Heparin degrading enzyme comprising immobilized histidine oligopeptides as shown in FIG. Activity of heparin degrading enzymes (including histidine oligopeptides before immobilization) Compared to the activity of)) showed about 60-80% activity. In the above experimental results, the method of immobilizing the chelating support using histidine oligopeptides has advantages in many ways over the method of immobilizing on a support such as CNBr-active Sepharose 4B (Table 1).

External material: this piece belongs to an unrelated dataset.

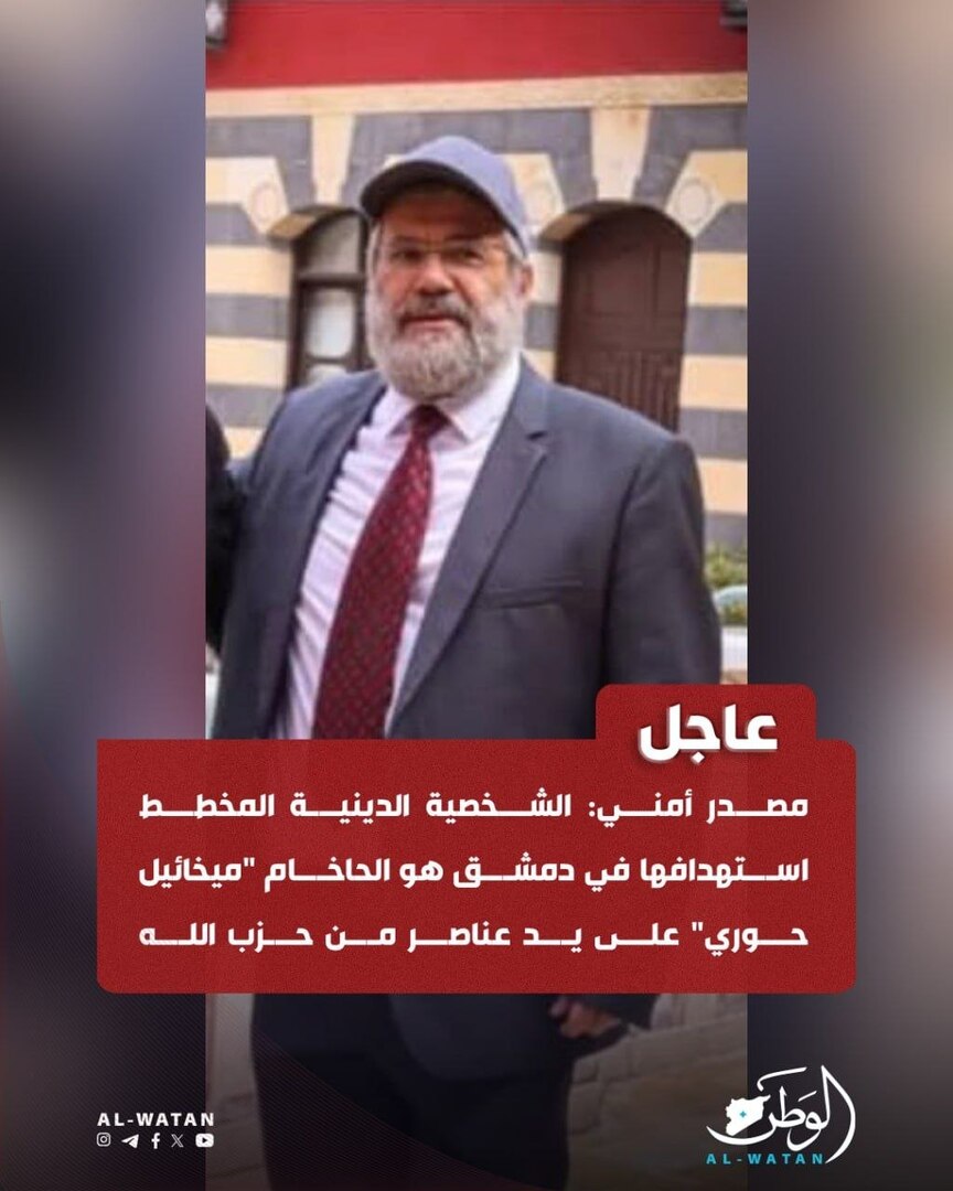 كشف مصدر أمني سوري أن الشخصية الدينية التي كان من المخطط استهدافها على أيدي عناصر ممولين من "حزب الله" اللبناني في دمشق، هي الحاخام ميخائيل حوري.

In order to prepare a low molecular weight heparin with the above-mentioned advantages, the heparin degrading enzyme 5000U containing histidine oligopeptide was immobilized in the above manner with a chelating support, and heparin degrading enzyme buffer (50 mM sodium phosphate, 10 mM) was prepared. NaCl, pH6.5) was added to 100 g of heparin dissolved at 50 mg / m1 and reacted for 3 hours while stirring at room temperature. Then, heparin degrading enzyme including histidine oligopeptide bound to the chelating support was precipitated by centrifugation, and the supernatant was precipitated with ethanol to prepare low molecular weight heparin. In this case, the average molecular weight of the prepared low molecular weight heparin was 5600 when the average molecular weight was measured using GPC-HPLC as a reference standard of NIBSC. The anti-FXa activity of the prepared low molecular weight heparin was 69 IU / mg.

TABLE 1

Comparison between immobilization of recombinant heparin degrading enzyme to CNBr-active sepharose and immobilization of recombinant heparin degrading enzyme containing histidine oligopeptide to chelating support

[Effects of the Invention]

The heparin degrading enzyme of the present invention is a heparin degrading enzyme including a histidine oligopeptide, and the immobilization time is short (10-30 minutes), which is much shorter than the conventional immobilization time of about 2,000 minutes. In addition, heparin degrading enzyme immobilization of heparin degrading enzyme, or lysine residues near the active site, heparin must be added in large amounts to protect the active site with heparin, but in the present invention, heparin degrading enzyme has histidine oligopeptide There is no need to add heparin. The activity of immobilized heparin degrading enzymes, including histidine oligopeptides, is also relatively high. In addition, the immobilized heparin degrading enzyme including the histidine oligopeptide of the present invention can be easily separated from the substrate and can be stored and reused for a long time by stabilizing the heparin degrading enzyme including the histidine oligopeptide.

[Sequence list]

Claims (6)

Histidine oligopeptides prepared using E. coli transformed with an expression vector comprising a structural gene of heparin degrading enzyme (nucleotides 173 to 1327 of SEQ ID NO: 1) comprising a nucleotide encoding a histidine oligopeptide at the 5 'end. A method of producing low molecular weight heparin by reacting a heparin degrading enzyme containing heparin. The method of claim 1, wherein the E. coli is BL21 (DE3) (KFCC-10903) transformed with the pE16b-hepa2 vector. The method of claim 1, wherein the heparin degrading enzyme comprising a histidine oligopeptide immobilized on a chelating support is reacted with heparin. The method of claim 1, wherein the heparin degrading enzyme including histidine oligopeptide is reacted with heparin and then immobilized on a chelating support to prepare a low molecular weight heparin. The method of claim 3 or 4 wherein the low molecular weight heparin is prepared under conditions wherein the pH is between 5.0 and 8.0 and the temperature is between 20 ° C. and 28 ° C. 6. The method for producing low molecular weight heparin according to claim 3 or 4, wherein the heparin degrading enzyme including histidine oligopeptide is immobilized on the chelating support using zinc, copper or nickel ions.